Goal of the exercise:
Exactly as they appear, write the lines from the one containing "スカルとクリスタルストーンの" to the final line of the entries, leaving pictures out.

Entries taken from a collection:
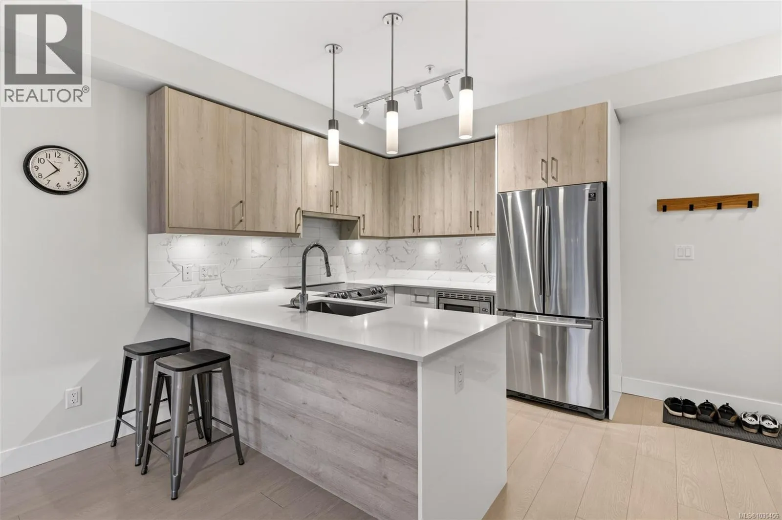 Open House on Sunday, April 5th from 11:30-13:30. Welcome to The Glenn, a modern, feel-good building perfectly placed in the heart of View Royal, where style meets everyday convenience. This newer home is filled with thoughtful upgrades, including wide-plank floors, quartz countertops, 9â ceilings, sleek Samsung appliances, roller shades, and cozy NuHeat heated floors in the bathrooms (once you have them, youâll never go back ). The building itself is just as impressive, with a gorgeous shared patio and fire pit for evenings with friends, EV charging, secure parking, bike and dog wash stations and private storage lockers. Step outside and youâre instantly connected to the best of the West Coast lifestyle, golf, hiking, biking, kayaking, shopping, restaurants, and schools are all moments away. Add in unrestricted rentals and pride of ownership from the original owners, and this is a home that truly checks every box. (id:27476)
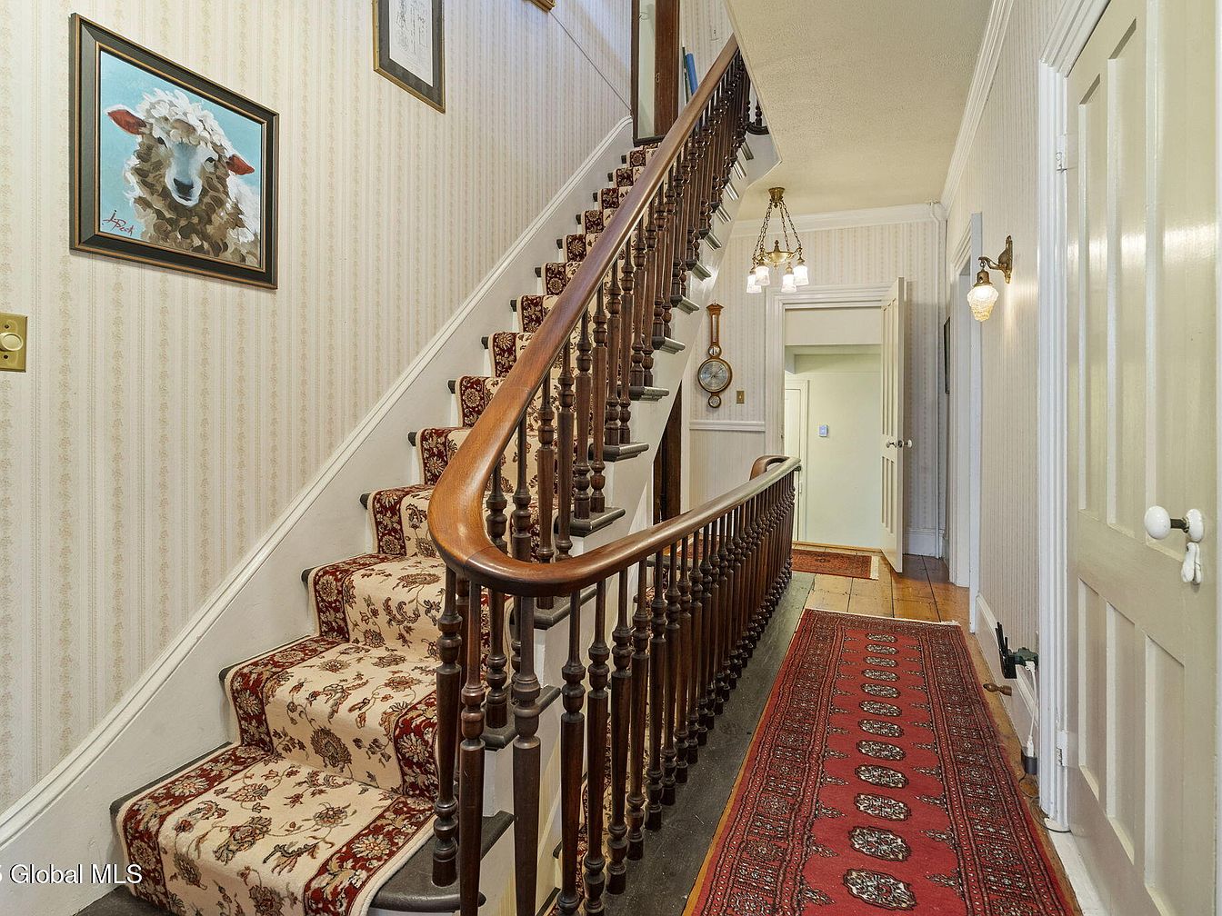 This elegant staircase hallway exudes classic charm, featuring rich wooden banisters and a plush, patterned carpet that adds warmth. The walls are adorned with subtle floral wallpaper, enhancing the inviting atmosphere. Soft, vintage lighting fixtures illuminate the space, creating a cozy ambiance perfect for family gatherings. Art pieces, including a delightful painting of a sheep, add a touch of personality to the decor. A long, decorative runner guides visitors up the stairs, while doors leading to other rooms promise family-friendly accessibility. This beautiful entryway invites exploration and reflects a timeless elegance that welcomes all.
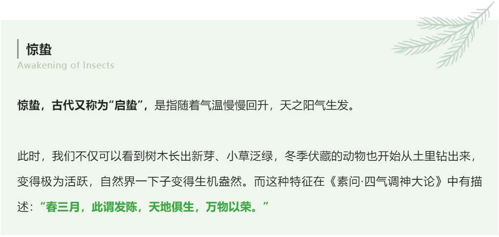 惊蛰时节,阳气萌动,大自然有了新的活力。希望大家可以顺应自然规律,一起度过活力满满的一年!
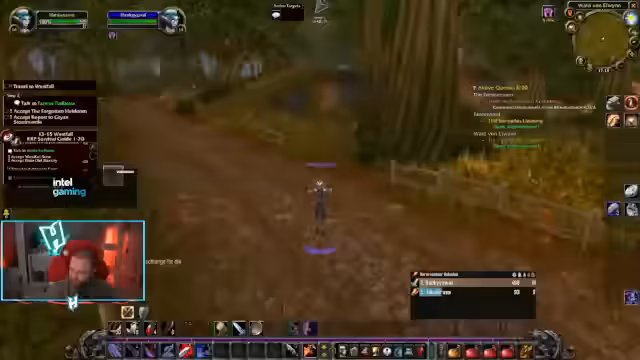 00:01:58Der Stream startet mit dem kontinuierlichen Leveln eines Kriegers im Spiel World of Warcraft. Der Streamer überlegt, ob er erst das aktuelle Gebiet fertig spielen und den Flugpunkt holen soll oder bereits mit Level 15 nach Westfall weiterziehen soll. Er befindet sich im Nachtelfenstartgebiet, welches er nicht besonders mag, und sucht nach der passenden Quest, um in das nächste Gebiet, Loch Modan, zu wechseln.
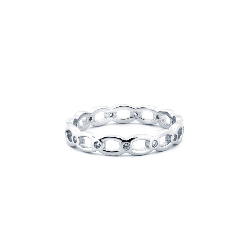 925 Silver Rhodium CZ Set Dress Ring
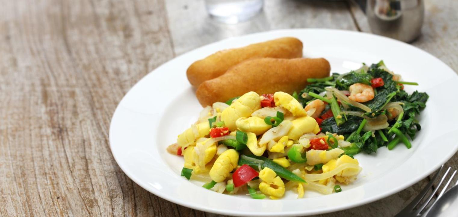 Saltfish to z kolei słona ryba, zwana także na Karaibach bacalao, bacalhau, baccalà lub suszoną rybą. Nazwa ta pochodzi nie od jej naturalnych właściwości, ale od sposobu jej konserwowania. To mięsisty biały dorsz, który dla zachowania trwałości został ususzony w soli.
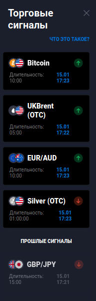 Биржевых игроков без опыта привлечет раздел «Сигналы» от Квотекс. В нем предлагаются профессиональные сигналы для открытия ордеров по разным инструментам и самыми разнообразными конфигурациями. По одним активам может быть предложено выставить позицию с минутным интервалом. Тогда как для другого инструмента следом может появиться предложение о входе на более долгосрочном промежутке. Каждый владелец аккаунта сможет выбрать для себя подходящий прогноз и использовать его. Аналитики Квотекс обещают точность до 87%. С таким высоким показателем можно и вовсе отойти от самостоятельного анализа, используя лишь предлагаемые прогнозы.
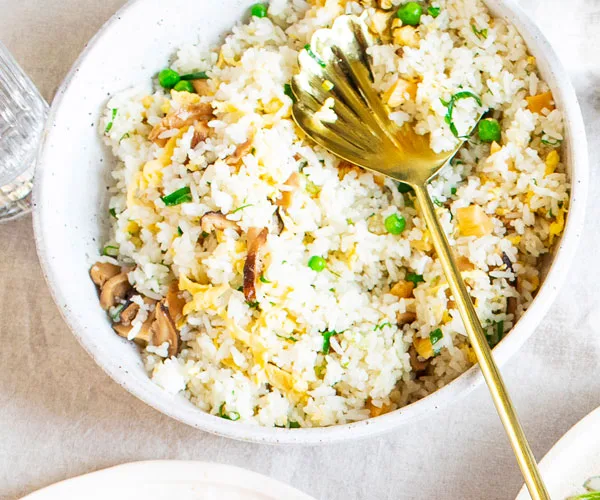 Louis Tikaram’s fried rice of shiitake, salted radish and peas
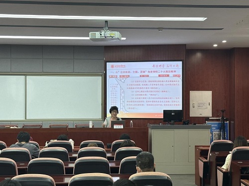 张耀荔教授从“总体框架”“主题”“逻辑”三个角度,带领全体与会人员深刻领悟党的二十大精神,指出要从政治和全局高度深刻认识主题教育的重要意义,深入贯彻落实党的二十大精神。从“总体框架”角度,张耀荔教授讲授到党的二十大报告总体框架结构分为五大板块,五大板块之间都具有严密的逻辑性;从“主题”角度,张耀荔教授讲授到党的二十大报告主题明确宣示了党在新征程上举什么旗、走什么路、以什么样的精神状态、朝着什么样的目标继续前进;从“逻辑”角度,张耀荔教授对党的二十大报告内容进行了全面系统的梳理。张耀荔教授强调“五个牢牢把握”是对党的二十大报告最精准的解读、最权威的辅导,是贯彻落实党的二十大精神的重要思想指引和行动指南。全体师生要做到“五个牢牢把握”,在党的旗帜下团结成“一块坚硬的钢铁”,心往一处想、劲往一处使,努力推动中华民族伟大复兴号巨轮乘风破浪、扬帆远航。最后,张耀荔教授对新时代青年的使命与担当进行了具体阐述,指出新时代青年拼搏正当其时,圆梦恰逢其势,要勇于承担历史赋予的使命,在大疫面前积极彰显青年的能力和担当,在灾难面前主动展示青年的果敢和勇气,在大事面前竭力显示青年的激情和自信。中国梦是历史的,现实的,也是未来的,是我们这一代人的,更是青年一代的,中华民族伟大复兴的中国梦终将在一代代青年的接力奋斗中变为现实。
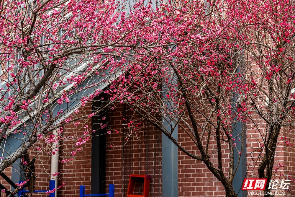 那一簇簇深粉色的花苞在虬劲的枝头悄然绽放,有的繁花满树,如云蒸霞蔚;有的独处一隅,尽显疏影横斜的雅致。在百年红砖与拱门长廊的衬托下,梅花的清幽与建筑的厚重相得益彰。游人穿行其间,或驻足凝望,或举起手机定格这份“梅”好。这不仅是自然季节的更迭,更是历史积淀与生机春意的一次浪漫邂逅。
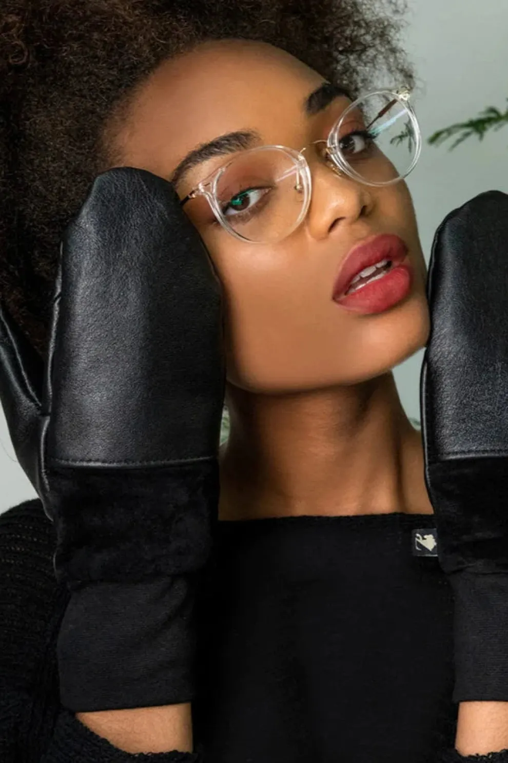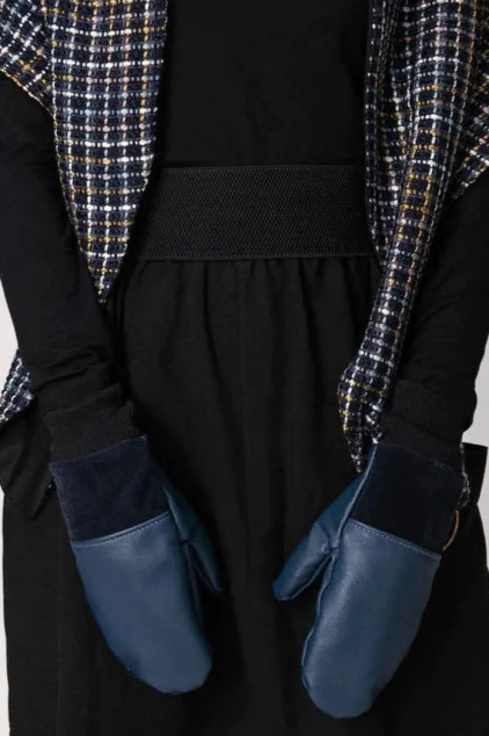 Pair of mittens made from recycled leather and suede, with ribbed cuffs.
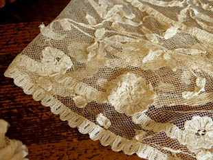 フランスでおそらく1910年代にベージュの木綿のチュールドンテル(チュールレース)で作られたベージュローズ&リス・コルチュールドンテルです。ドンテル(レース)は1500年代の初頭にイタリアの修道院で収入を得るために編まれたのが始まりのようですが、その後、ヴェネチアで広まった後フランスへ伝わっていったようです。フランスではノルマンディー地方のアランソンの町で1650年代頃から制作されたアランソンレースが有名なようです。1平方センチメートル作るのに7時間という気の遠くなるような手間をかけて編まれているようですが、マリー・アントワネットも愛用していたようで現在はユネスコの無形文化財に登録されています。また、チュールドンテルはチュール(ネット状の細かい網目の生地)に柄を編んだり刺繍をしたりして作られたドンテルのことで、フランスのチュール(Tulle)の町が発祥のようです。こちらは大変レアなローブ(ドレス)やシュミズィエ(ブラウス)用に三日月のようなフォルムでのコル(付け襟)で、チュールドンテルの本体にはローズとリス(ユリ)のお花模様のドンテルが縫い付けられていてエレガントでオシャレでとてもいい感じです。また、周りはフリルのようにデザインされているのも素敵ですね。このまま付け襟として使ったり額に入れて壁に飾ったりしても素敵ですが工夫次第で可愛くオシャレに使えそうなベージュローズ&リス・コルチュールドンテルです。
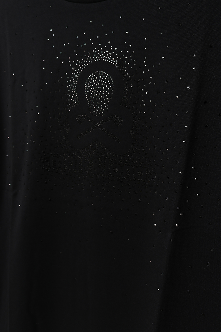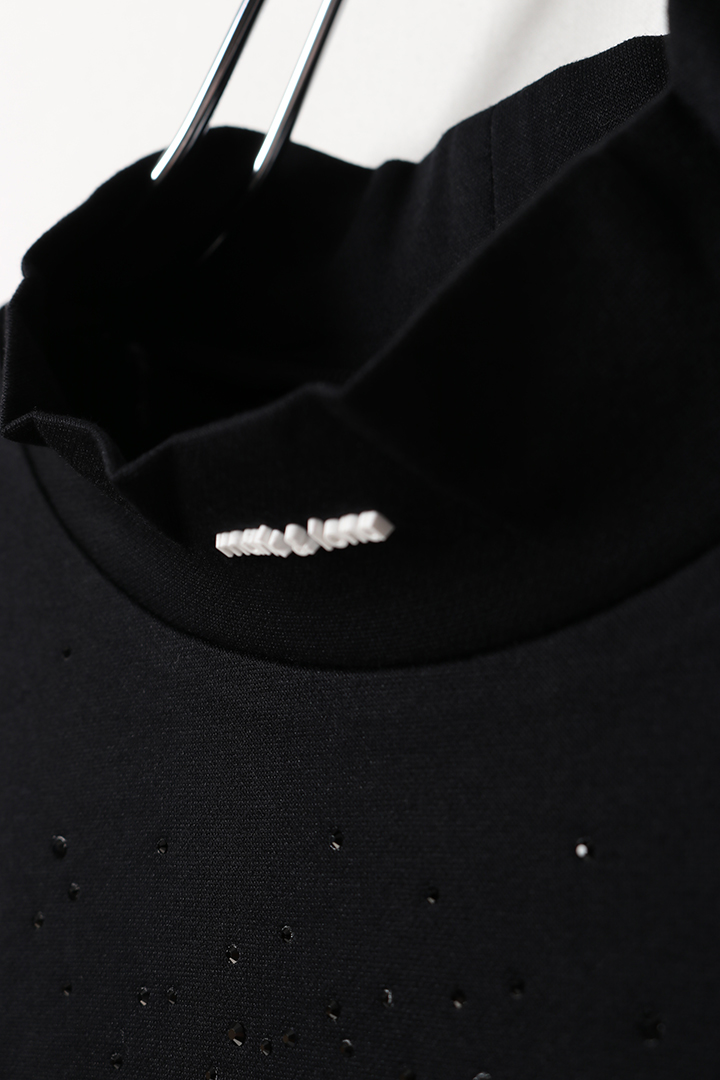 スカルとクリスタルストーンの煌めきが印象的な、ラグジュアリーかつ高機能なモックネックTシャツ。
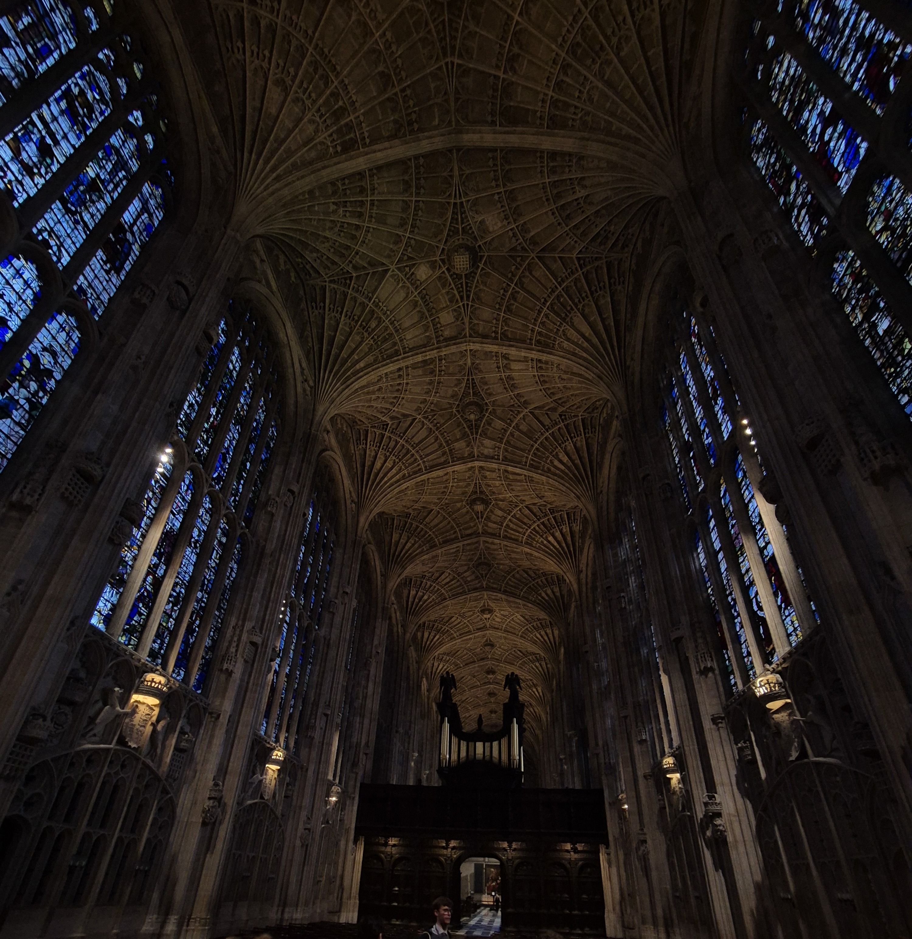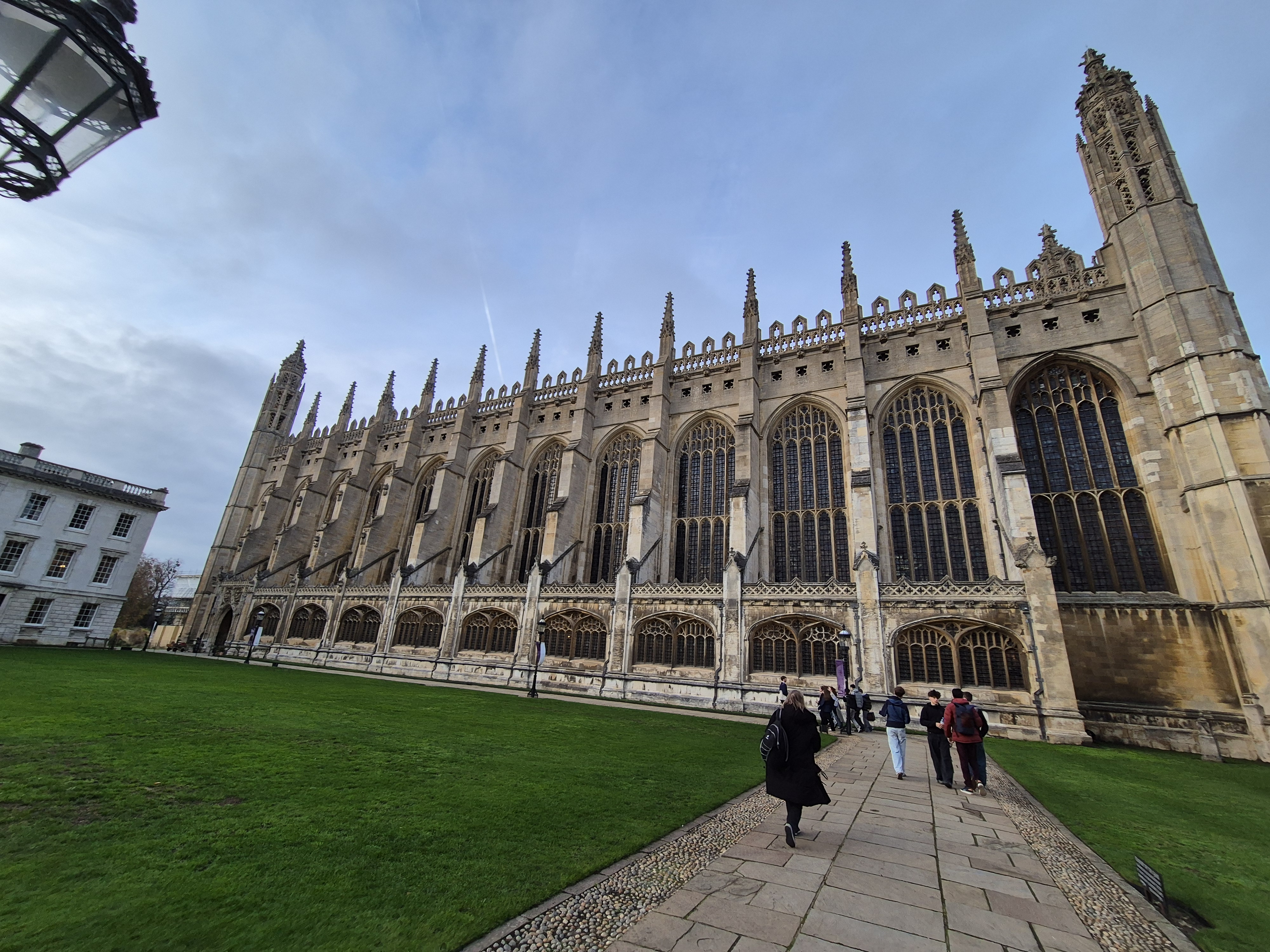 By then, it was noon, and on the drive into Cambridge, each student ate the packed lunch prepared by their host families. After the short drive, we had free time to look around the city center. The main attractions were the beautiful King's College Chapel and the Harry Potter shops that could be found everywhere. After we were divided into small groups, each group was assigned a guide. At 2 p.m., we were given a guided tour of the city and learned a lot about the history of Cambridge. We were even introduced to the famous Newton apple tree. After that, each student had a choice: choir rehearsal with the Kings College choir in the chapel or free time. The choir rehearsal was led by Mr. Pickert, our former language assistant, who invited us privately to listen to the choir, where he also sings. The interior of the chapel was majestic, and being able to sing there would be a dream come true for any choir member. It was a truly breathtaking experience, and we were very grateful that we were allowed to listen. As it was now 6 p.m. and dark, we drove back to Gillingham, where our host families were already waiting for us.

Answer to this task:
 スカルとクリスタルストーンの煌めきが印象的な、ラグジュアリーかつ高機能なモックネックTシャツ。
 By then, it was noon, and on the drive into Cambridge, each student ate the packed lunch prepared by their host families. After the short drive, we had free time to look around the city center. The main attractions were the beautiful King's College Chapel and the Harry Potter shops that could be found everywhere. After we were divided into small groups, each group was assigned a guide. At 2 p.m., we were given a guided tour of the city and learned a lot about the history of Cambridge. We were even introduced to the famous Newton apple tree. After that, each student had a choice: choir rehearsal with the Kings College choir in the chapel or free time. The choir rehearsal was led by Mr. Pickert, our former language assistant, who invited us privately to listen to the choir, where he also sings. The interior of the chapel was majestic, and being able to sing there would be a dream come true for any choir member. It was a truly breathtaking experience, and we were very grateful that we were allowed to listen. As it was now 6 p.m. and dark, we drove back to Gillingham, where our host families were already waiting for us.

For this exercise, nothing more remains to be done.